Abstract

While the factors that contribute to individuals feeling a sense agency over a stimulus have been extensively studied, the cognitive effects of a sense of agency over a stimulus are little known. Here, we conducted three experiments examining whether attentional selection is biased towards controllable stimuli. In all three experiments, participants moved four circle stimuli, one of which was under their control. A search target then appeared on one of the stimuli. In Experiment 1, the target was always on the controlled stimulus, but we manipulated the degree of control the participant had. In Experiment 2, the controlled stimulus was the target on 50% of the trials. In Experiment 3, we used a central arrow cue to tell participants which arrow key to press (rather than using a free choice task) and made the controlled stimulus the target on 25% of the trials, making it nonpredictive of the target's location. Across the three experiments we found that visual selection was biased towards controllable stimuli.

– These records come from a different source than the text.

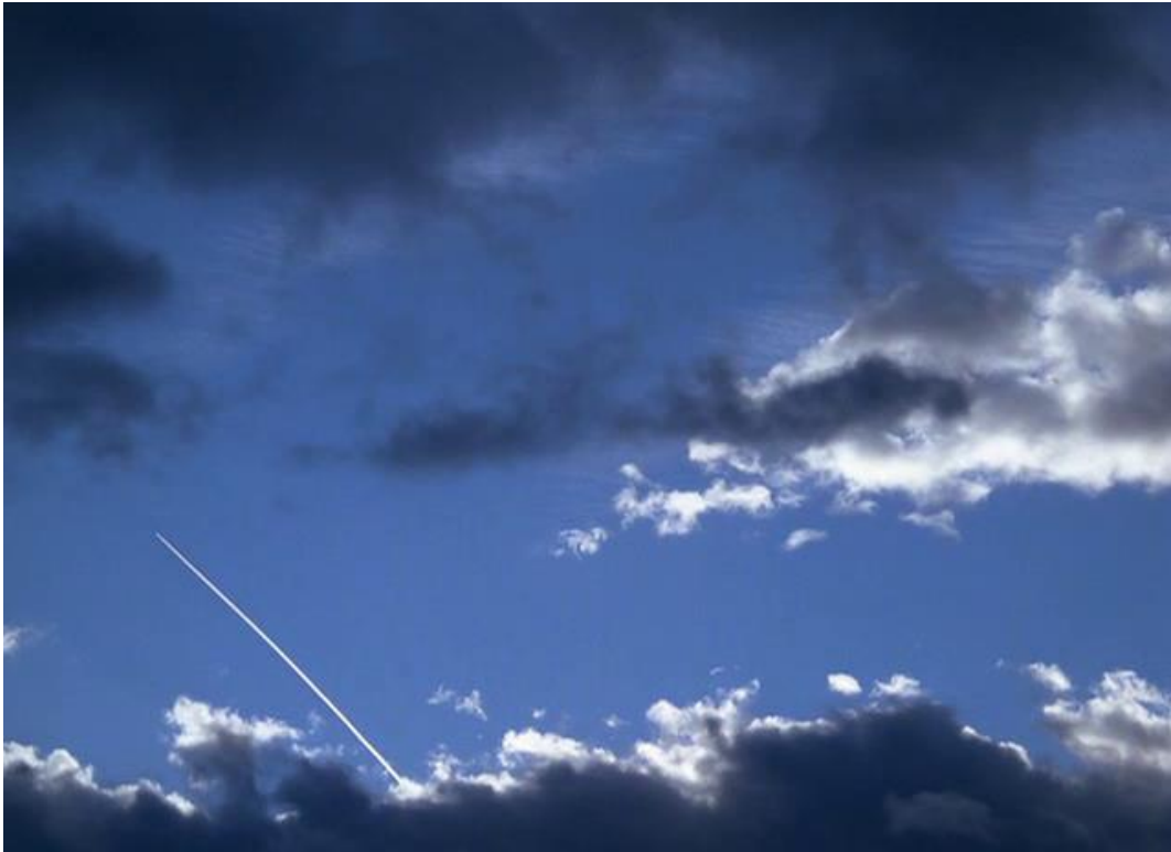
Figure 1: The opening of Jean-Luc Godard's Passion . Sonimage, 1982. Screenshot.
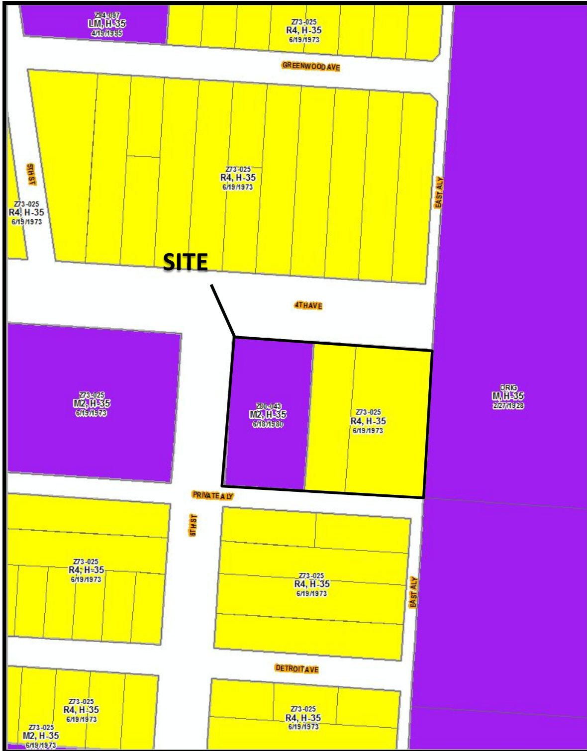
Z15-016 285 & 295 East Fourth Avenue Approximately 0.61 acres R-4 and M-2 to AR-2
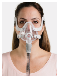
Full Face Mask
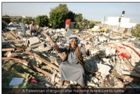
A Palestinian in anguish after his home is reduced to rubble

UWT launched an emergency appeal in partnership with Interpal, Muslim Aid and Islamic Help to signal unity and co-operation for the Palestinian cause. Despite the blockade, UWT was able to provide sixty tonnes of flour, fuel, medicine kits and food parcels to thousands of desperate Palestinians.
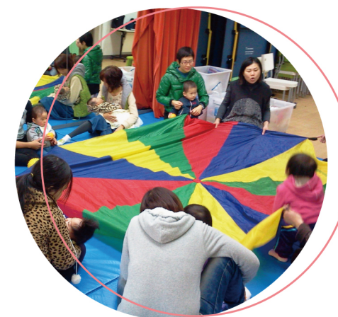
Child-centred Play Therapy is child-focus and not problem-focus

To develop child focus services in family service, a task force on Child-centred Play Therapy has been set up. Systematic training was conducted for social workers to develop their practice competence. Services have started with built-in evidence-based research and on-going support through Community of Practice ("CoP").
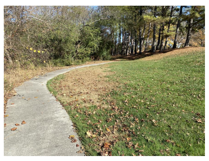
Photograph 10: Buffer and greenway north of existing pedestrian access to parking lot on the east, facing northeast.
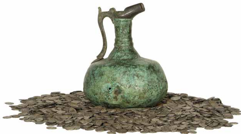
Treasury from Vervoz, Gallo-Roman period

During the 3rd century, Germanic populations, who were being dispelled by the Huns, started to migrate to Western Europe, thus entering the territory of the Roman Empire. The Franks pillaged the territory belonging to Gallia Belgica. These are called barbarian invasions because, in the eyes of the Romans and the Gallo-Romans, anyone who did not speak Latin was viewed as a barbarian. Exhausted after its conquests, and under attack from all sides by barbarian populations from the East and the North, the Roman Empire began to falter. The Franks were originally from Germany. They crossed the Rhine in search of fertile land, engaging in relentless battles and spreading increasingly throughout Belgium and a large part of Gaul itself. They established several independent states, which were governed by the princes of a single dynasty: the Merovingian dynasty. They would birth the first dynasty of French kings. This marked the end of Gallo-Roman Antiquity and the beginning of the Middle Ages.
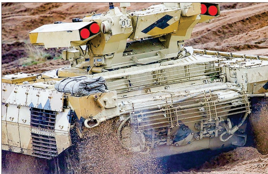
The vehicle is equipped with two 30mm-caliber 2A42 autocannons and a 7.62mm-caliber PKTM twin-mount machine gun.
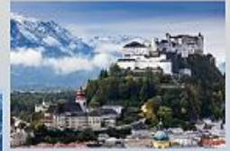
Salzburg, Austria, a UNESCO World Heritage Site

Our trip is being organized through Fitness Travel France, Inc., a veteran-owned agency with years of experience providing European military history tours.
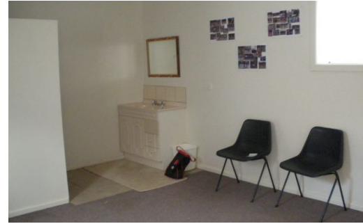
Inside netball change room
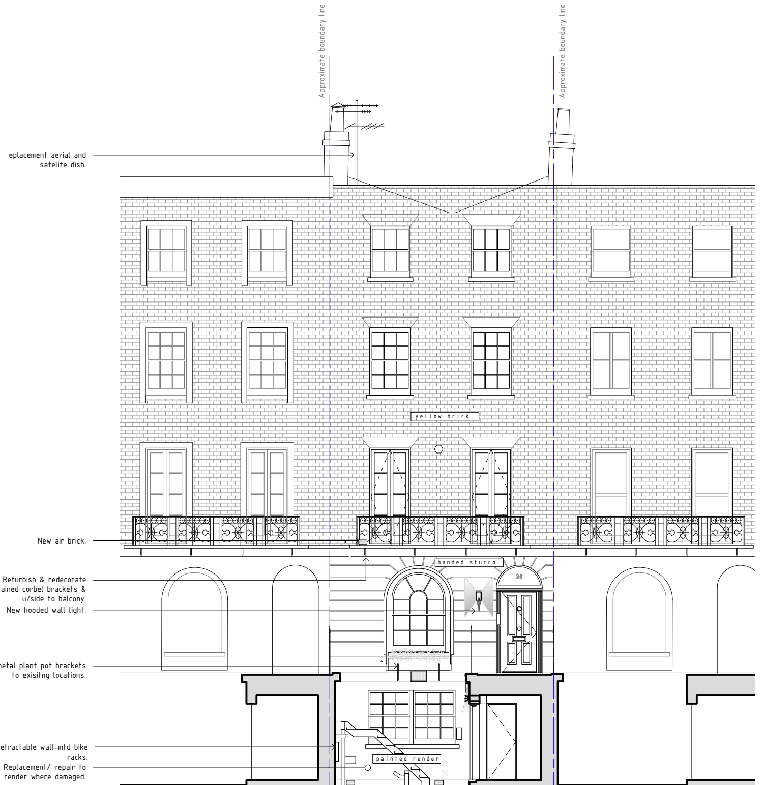
28 Lower Belgrave St X 26 Lower Belgrave Street X 24 Lower Belgrave St South West elevation (front)
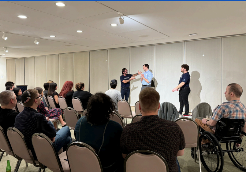
Unkosher Comedy Show with The Bible Players
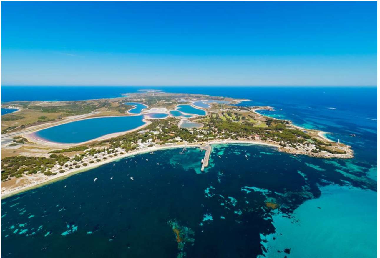
Aerial view of Rottnest Island

While Australia's awe-inspiring east coast—home to Sydney, Melbourne and the Great Barrier Reef—gets the lion's share of attention, intrepid adventurers would be wise to go west and explore the country's under-appreciated Western region. Western Australia comprises a third of the country and hosts some of the nation's most phenomenal beaches, national parks, animal experiences, as well as the dynamic and engaging urban center, Perth, Australia's sunniest capital. Though you could spend a lifetime in the vast region and never discover all of its wonders, here's a taste of some of the best things to do in Western Australia.
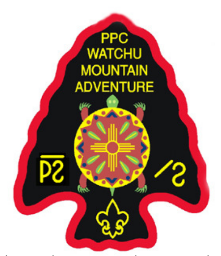
The Watchu Mountain Adventure patch is awarded to all crew members who attend and complete the training weekend in May

This guide was developed by the Patriots' Path High Adventure Committee to support our contingent crew advisors in preparing their crews for Philmont treks.
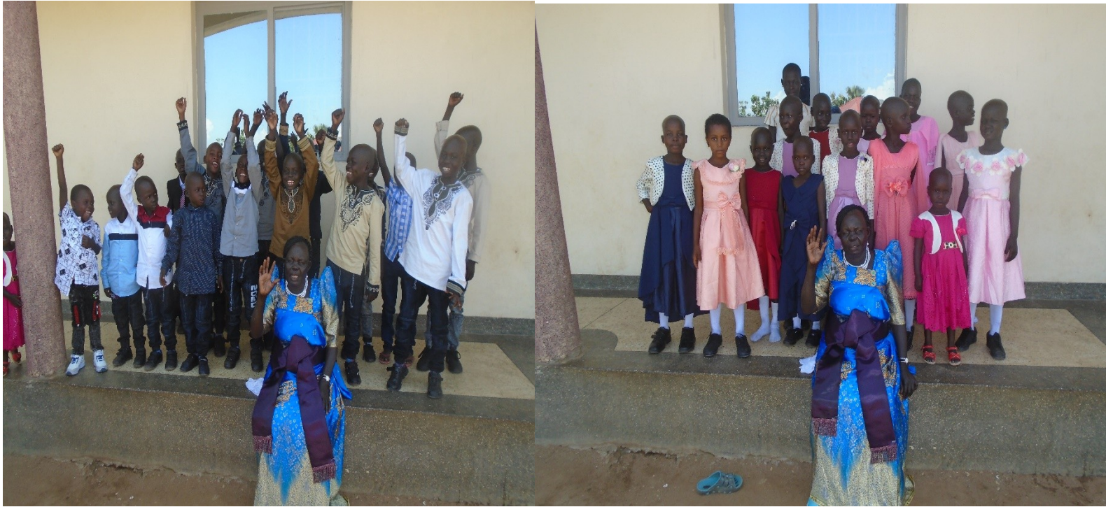
Christmas day church service- Sunday school kids during their presentation time.
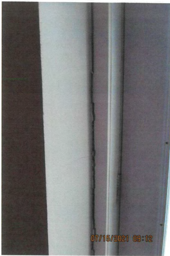
7/19/2021, 12:38:23 PM
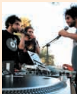
"Ramallah Underground" Coming 2009 Taybeh Oktoberfest
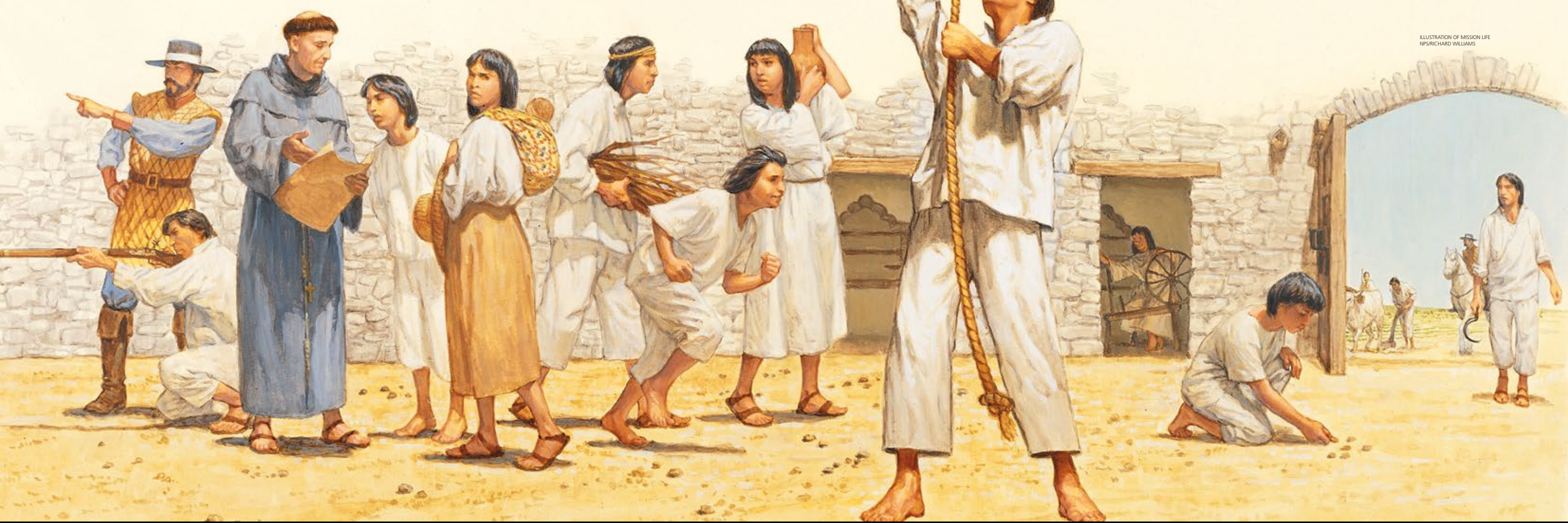
ILLUSTRATION OF MISSION LIFE

Discipline—religious, social, and moral—was the essence of the mission system. Although some Coahuiltecan fled the missions to return to their old life, most accepted Catholicism and actively took part in Spanish society.
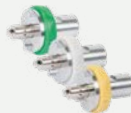
Probe type OHMEDA with thread ISO G. 1/4" F.
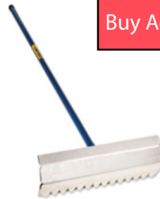
1 - Concrete rake

Handle Adpt - Kraft CC295 Float - Kraft CC618
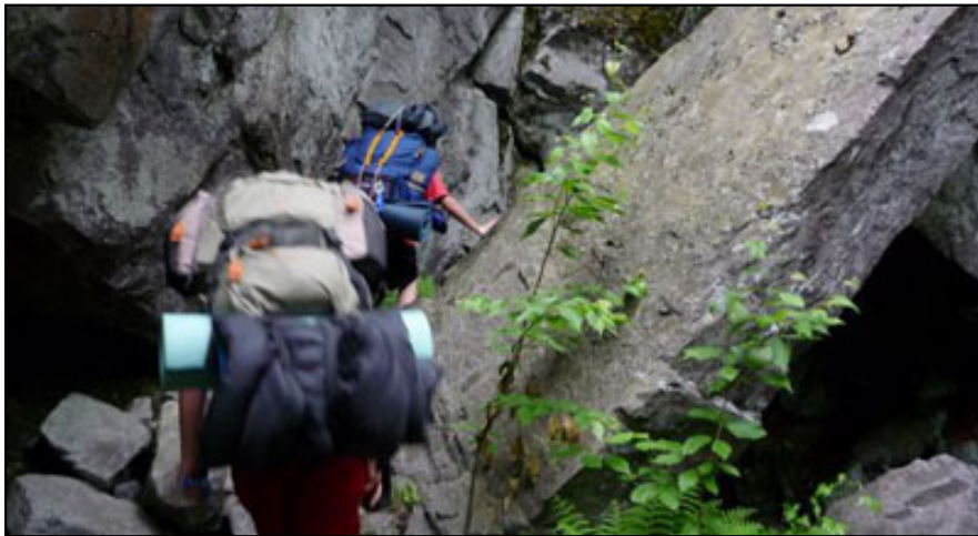
we passed through narrow gaps

Why is it necessary to launch yet another youth program in the SOS-NAR, aimed at middle-schoolers no less? Well, we have strong programs for youth in elementary school, like summer camp and children's gatherings. And at the high school level they can serve on mission trips, and attend the YES retreat. But what do they do for those years when they're too old for camp, but too young for the high school program? There is a need to help our youth in those 'tween years to grow in their charismatic spirituality, to challenge them to live the life of discipleship, and to help them develop cross-community relationships with other people their own age. These experiences, in turn, will help to further their relationship with the Lord, and to gain a broader vision for the work of the Sword of the Spirit. Backpacking is a perfect way to achieve all of this and more.

This attentional bias was larger when participants had full, rather than partial, control over the stimulus, indicating that sense of agency leads one to prioritize objects under their control. The fact that agency influenced attention when the controlled object contained the target in 100%, 50%, and 25% of trials, and occurred even when participants needed to monitor the center of the display in order to know which arrow key to press, suggests that its influence does not depend on task relevance or volitional decision-making.